# WORK ITEM
Transcribe all of the data exactly. Omit the pictures.

(Saved data entries)
________
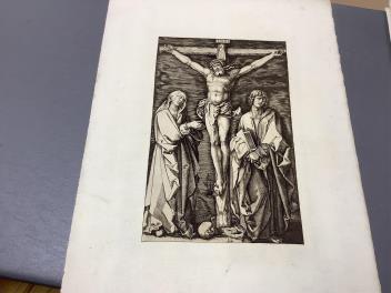 17. Christ crucified; below, the Virgin Mary and St John. Engraved in the school of Marcantonio, probably after a picture by Dürer.
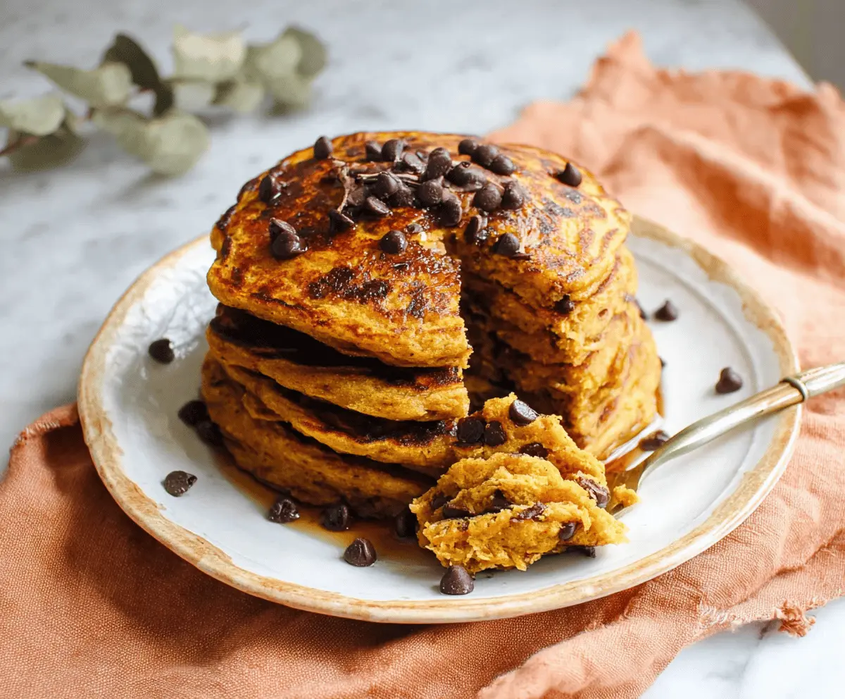 Get ready for a tasty breakfast treat with these spiced pumpkin chocolate chip pancakes! Fluffy and flavorful, they combine pumpkin goodness with sweet chocolate bits for a fun twist.
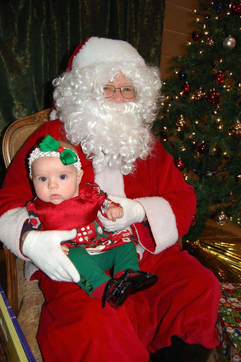 Gail Maholick/TIMES NEWS Stella Breiner, 4 months, and daughter of Ernie and Jordie Breiner of Lehighton is the pretty miss meeting Santa Claus for the first time. She was one of the 75 children attending the Breakfast with Santa, sponsored by the Lehighton Area Lioness Lions Club.
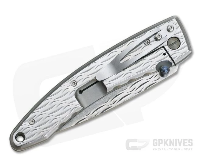 Handle: A robust, stainless steel frame construction is beautifully polished and then given a stylized wave textured finish for visual appeal and added traction. The integral frame lock mechanism is strong and secure with intuitive operation A generous hole at the pommel end is provided for lanyard attachment.
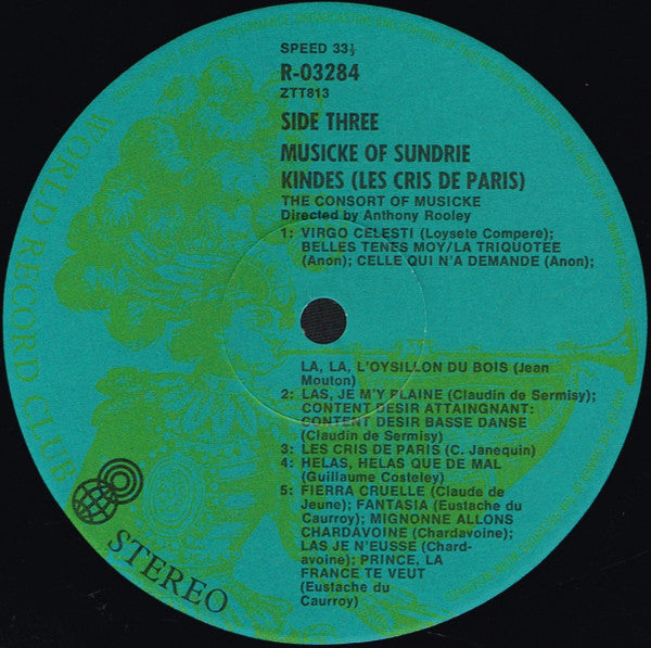 "An EDTION DE L'OISEAU-LYRE, released for its members in Australia by World Record Club." Lavender cover to the box, white lining. Issued with a 12-page black and white 12" x 12" booklet, with notes and sung-texts in English, French, Italian and German. It also has a track and credit list, photos and a source list. Not issued on other formats. Issued again in January 1978. Box cover illustration: Detail from Lucas van Leyden - 'Music Making Couple', 1524 (Museum Boymans van Beuningen, Rotterdam) Booklet cover illustration: Lucas van Leyden - 'Music Making Couple', 1524 (Museum Boymans van Beuningen, Rotterdam). World Record Club: Registered Office - 605 Camberwell Road, Hartwell, Victoria, 3124.
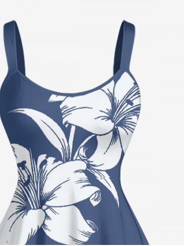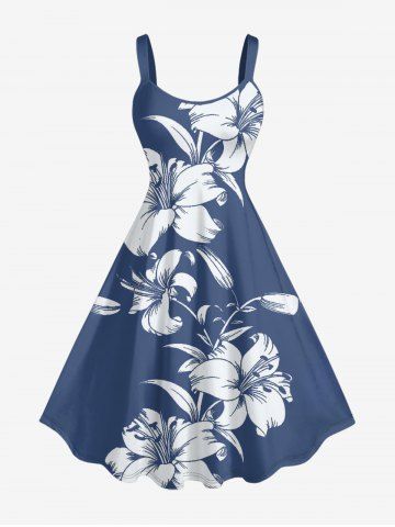 Plus Size Hibiscus Flower Leaf Print Hawaii Tank Dress - Blue - Xs
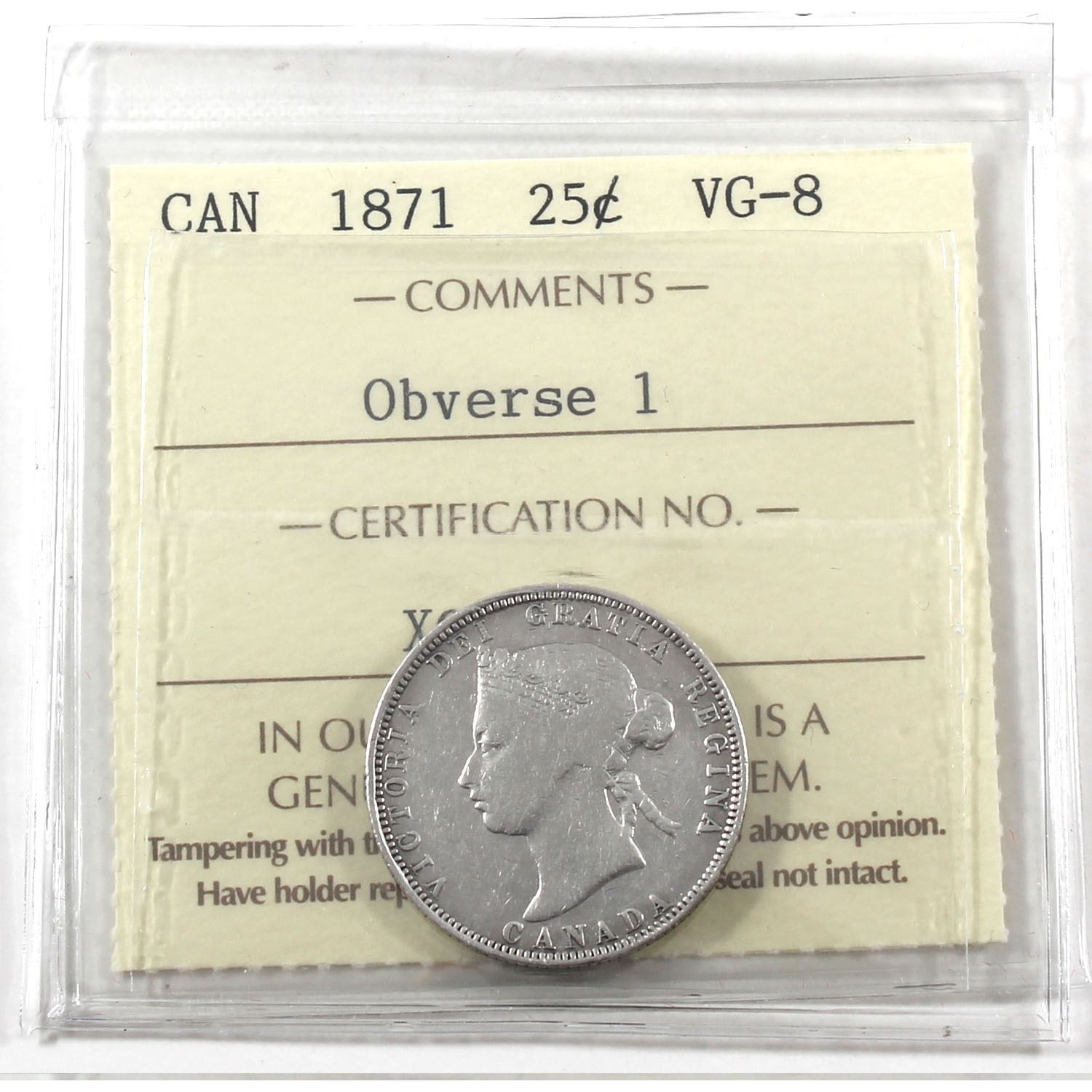 25-cents Canada 1871 Obv. 1 ICCS Certified VG-8 *Key Date*
________
# OUTPUT FOR THIS EXERCISE
 17. Christ crucified; below, the Virgin Mary and St John. Engraved in the school of Marcantonio, probably after a picture by Dürer.
 Get ready for a tasty breakfast treat with these spiced pumpkin chocolate chip pancakes! Fluffy and flavorful, they combine pumpkin goodness with sweet chocolate bits for a fun twist.
 Gail Maholick/TIMES NEWS Stella Breiner, 4 months, and daughter of Ernie and Jordie Breiner of Lehighton is the pretty miss meeting Santa Claus for the first time. She was one of the 75 children attending the Breakfast with Santa, sponsored by the Lehighton Area Lioness Lions Club.
 Handle: A robust, stainless steel frame construction is beautifully polished and then given a stylized wave textured finish for visual appeal and added traction. The integral frame lock mechanism is strong and secure with intuitive operation A generous hole at the pommel end is provided for lanyard attachment.
 "An EDTION DE L'OISEAU-LYRE, released for its members in Australia by World Record Club." Lavender cover to the box, white lining. Issued with a 12-page black and white 12" x 12" booklet, with notes and sung-texts in English, French, Italian and German. It also has a track and credit list, photos and a source list. Not issued on other formats. Issued again in January 1978. Box cover illustration: Detail from Lucas van Leyden - 'Music Making Couple', 1524 (Museum Boymans van Beuningen, Rotterdam) Booklet cover illustration: Lucas van Leyden - 'Music Making Couple', 1524 (Museum Boymans van Beuningen, Rotterdam). World Record Club: Registered Office - 605 Camberwell Road, Hartwell, Victoria, 3124.
 Plus Size Hibiscus Flower Leaf Print Hawaii Tank Dress - Blue - Xs
 25-cents Canada 1871 Obv. 1 ICCS Certified VG-8 *Key Date*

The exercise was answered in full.